A regra: risco regulatório alto com dado sensível proprietário empurra para o build. Risco alto com processo genérico empurra para o buy com contrato bem escrito.
Pergunta 3: você está comparando preço de entrada ou custo de ficar?
A McKinsey estima que colocar uma solução em produção via SaaS ou API leva de 1 a 3 semanas, contra 6 a 12 meses de um software AI-native interno. E a BCG encontrou algo mais brutal: cerca de 50% das iniciativas de build complexo morrem antes de sair da prova de conceito — não por falta de modelo, mas por débito de dados e escassez de talento.
Só que o buy também tem conta escondida. Quem integra via API fica exposto a atualizações silenciosas do provedor: o modelo muda, o comportamento muda, e sua equipe gasta horas refazendo testes de regressão e reajustando prompts. A manutenção de IA não é estática como a de software tradicional — e essa conta corrói parte da economia inicial do "customize". No Brasil, some a dolarização: inferência em nuvem americana oscila com o câmbio, o que explica o interesse crescente por modelos menores (SLMs) hospedados em datacenters nacionais.
O framework, condensado:
- Commodity + baixo risco: SaaS pronto. Velocidade acima de tudo.

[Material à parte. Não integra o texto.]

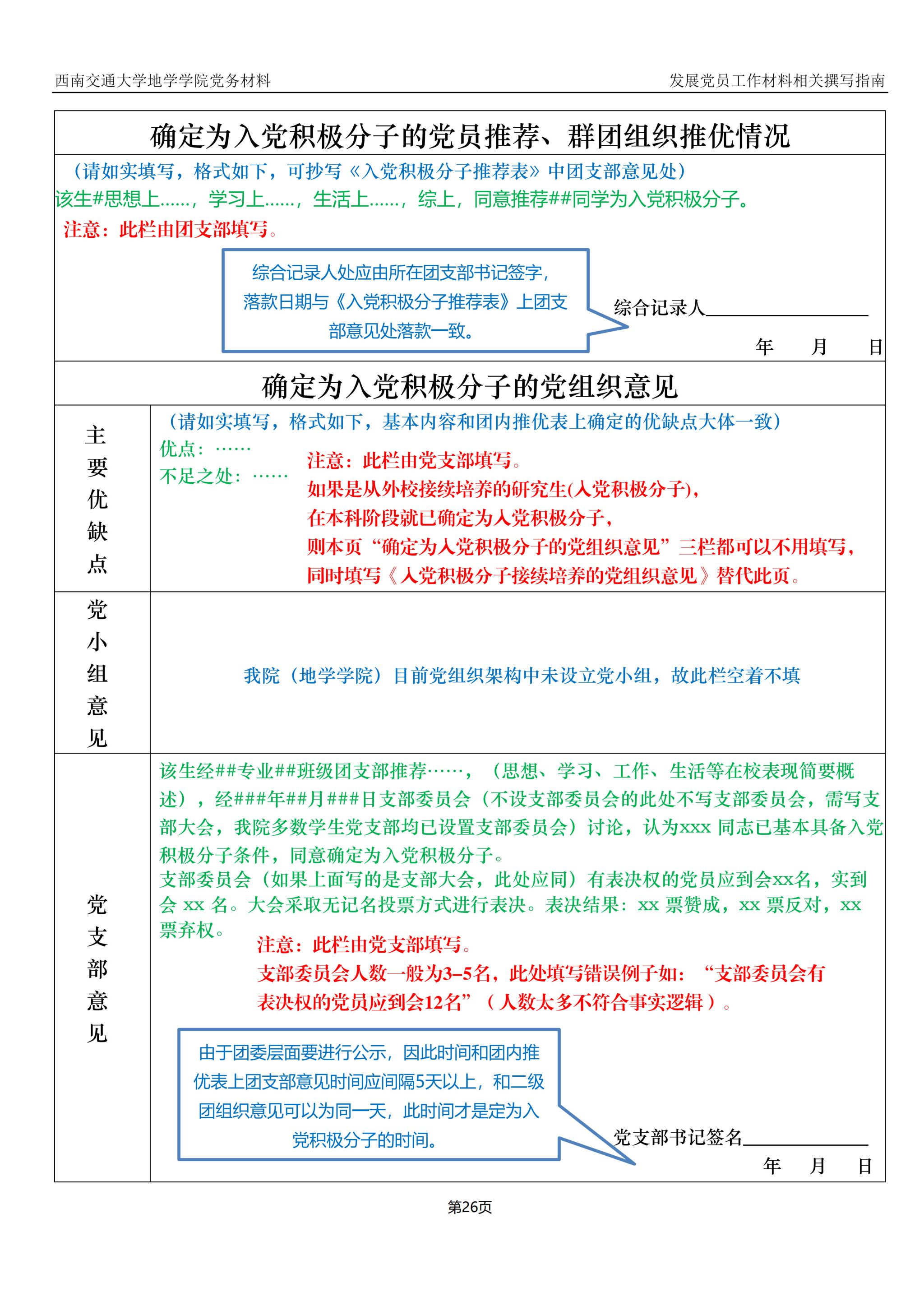 《入党积极分子接续培养的党组织意见》原表有地环版本与地学版本,见附件2、3,A4单面打印。
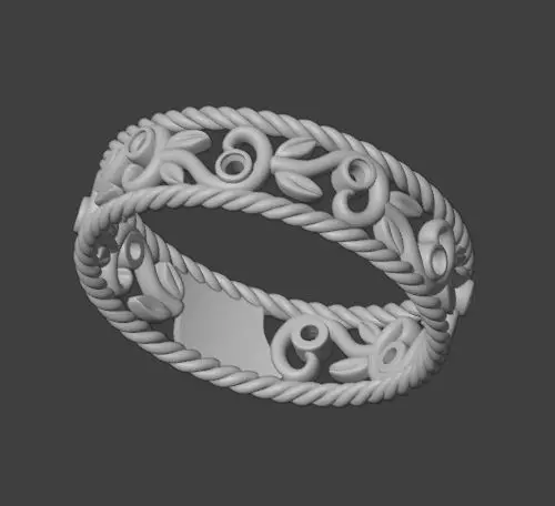 The ring in the image is a digital 3D model intended for jewelry manufacturing via 3D printing or CNC machines. This particular design features floral patterns framed by two rows of twisted rope.
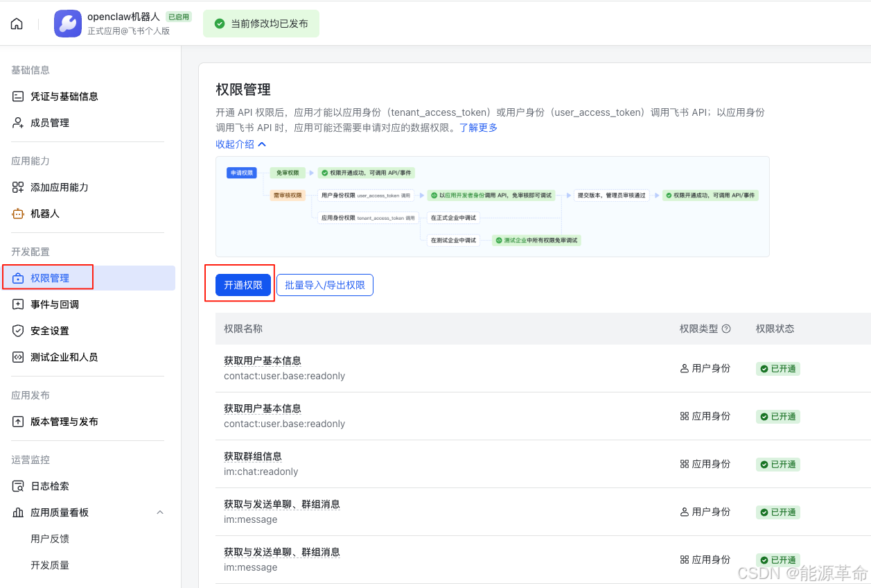 点击【下一步,确认新增权限】即可开通所需要的权限。
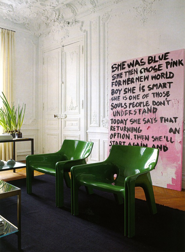 5. Τα χρώματα παίζουν το ρόλο του “ειρηνοποιού” στη πάλη ανάμεσα στα διαφορετικά και ενδεχομένως συγκρουόμενα στιλ που έχουμε διαλέξει. Γι’ αυτό και συνήθως προσπαθούμε να πετύχουμε μονοχρωματικά αποτελέσματα, διαλέγοντας ένα ουδέτερο ανοιχτό χρώμα για το κέλυφος, ένα μεσαίο ή σκούρο ουδέτερο χρώμα για τα έπιπλα και κάποιο έντονο ψυχρό ή θερμό για υφάσματα και αντικείμενα. Επίσης για πολύ ξεχωριστά και ιδιαίτερα αποτελέσματα μπορούμε να διαλέξουμε ένα μόνο χρώμα για τα πάντα. Έτσι θα ενοποιηθούν όλα τα ετερόκλητα στοιχεία του χώρου και θα πετύχουμε την ζητούμενη αρμονία. Με μερικά διαφορετικού χρώματος αντικείμενα θα πετύχουμε και την επιθυμητή έμφαση δίνοντας το απαραίτητο βάθος που χρειάζεται.
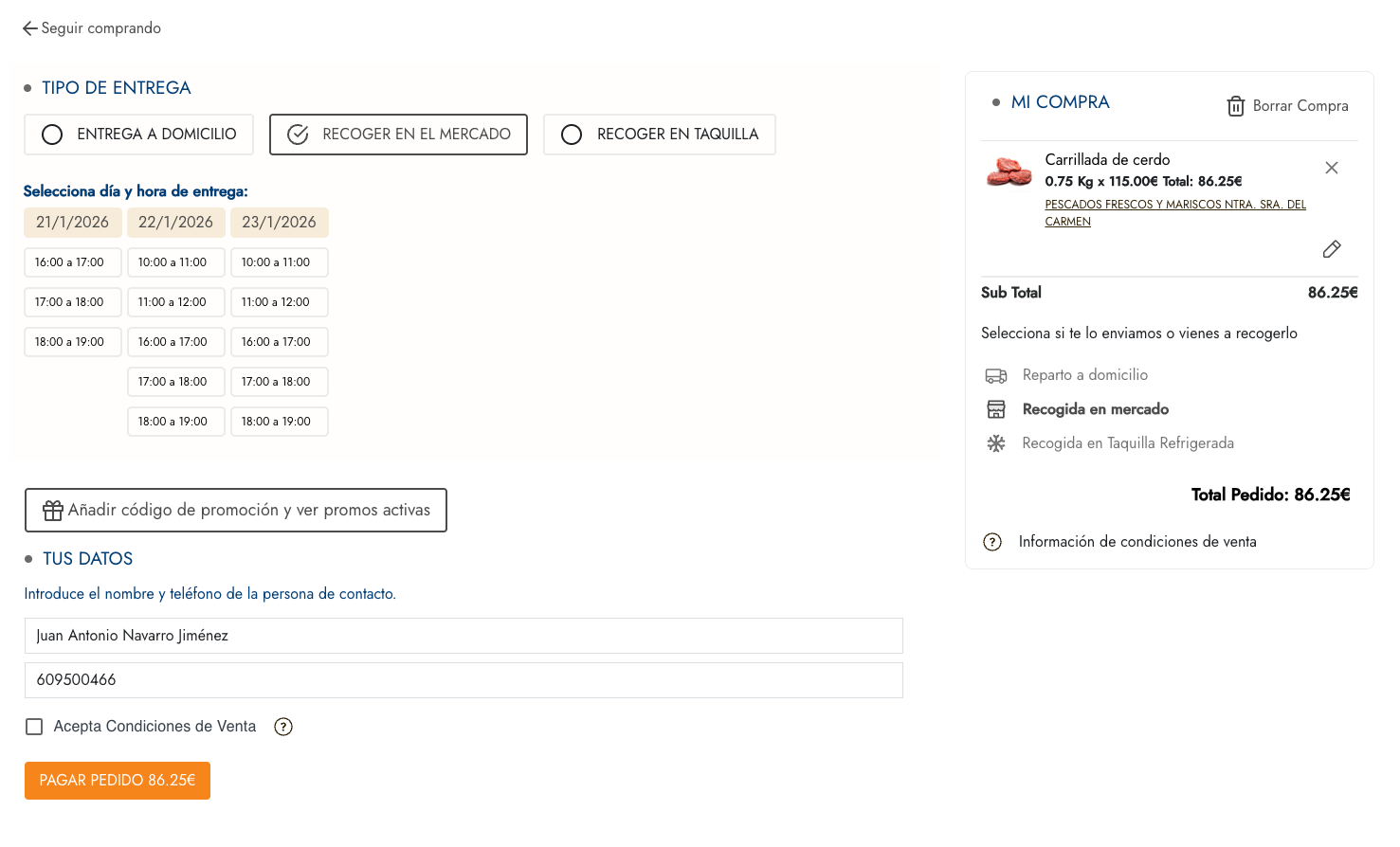 Cliente puede recibir su mercancía o ir al mercado a recogerla. Otra opción es la de poder recoger en taquillas refrigeradas.

- Commodity + processo específico seu: low-code com IA. A IDC projeta que 45% das empresas do G2000 usarão essa via para fluxos críticos até o fim de 2026.
- Diferencial moderado + dado proprietário: API + RAG. O melhor custo-benefício do espectro — desde que você orce o monitoramento contínuo.

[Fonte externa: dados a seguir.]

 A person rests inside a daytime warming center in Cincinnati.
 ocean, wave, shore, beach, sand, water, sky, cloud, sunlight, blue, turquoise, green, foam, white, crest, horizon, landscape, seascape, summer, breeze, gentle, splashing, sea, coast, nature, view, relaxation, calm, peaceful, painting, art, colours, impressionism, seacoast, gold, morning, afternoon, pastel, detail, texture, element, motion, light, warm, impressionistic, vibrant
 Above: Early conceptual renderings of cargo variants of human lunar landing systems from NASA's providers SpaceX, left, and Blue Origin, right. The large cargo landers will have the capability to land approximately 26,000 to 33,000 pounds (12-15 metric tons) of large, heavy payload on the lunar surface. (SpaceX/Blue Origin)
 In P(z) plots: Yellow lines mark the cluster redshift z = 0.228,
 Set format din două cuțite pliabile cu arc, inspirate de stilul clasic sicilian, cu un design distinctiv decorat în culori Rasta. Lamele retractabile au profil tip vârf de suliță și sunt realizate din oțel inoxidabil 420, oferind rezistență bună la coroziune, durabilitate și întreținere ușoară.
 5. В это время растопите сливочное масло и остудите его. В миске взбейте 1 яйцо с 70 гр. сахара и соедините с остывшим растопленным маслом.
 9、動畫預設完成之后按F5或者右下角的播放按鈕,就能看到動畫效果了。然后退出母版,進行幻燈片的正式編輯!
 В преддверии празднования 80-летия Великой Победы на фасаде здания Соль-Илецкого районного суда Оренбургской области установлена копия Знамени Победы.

- Diferencial central + dado que é seu ativo + regulação pesada: AI-native sob medida. Caro, lento, e às vezes a única resposta certa.
O que isso significa para empresas brasileiras
Primeiro: pare de fazer a pergunta "build ou buy" no plural da empresa. Faça-a por processo. O Itaú não escolheu um lado — segmentou. Sua empresa também deveria: Copilot para o e-mail, low-code para a nota fiscal, RAG para o conhecimento proprietário, build para o que — e só o que — sustenta sua margem.
Segundo: no Brasil, a Pergunta 2 pesa mais do que lá fora. Com o PL 2338 desenhando responsabilidades por nível de risco, a decisão de construir em RH, crédito ou saúde é também uma decisão jurídica. Envolva quem entende de compliance antes de envolver quem entende de Python.
Terceiro: a estatística da BCG — metade dos builds morre na PoC — não é argumento contra construir. É argumento contra construir sem dado governado e sem gente qualificada. Se seu diferencial exige build e você não tem o time, a resposta não é desistir nem comprar SaaS genérico: é construir com quem faz isso todo dia.
A vantagem competitiva em IA não está em qual degrau você escolhe. Está em escolher o degrau certo para cada processo — e em saber, antes de assinar qualquer contrato, quem fica com o dado, quem fica com o risco e quem fica com a conta.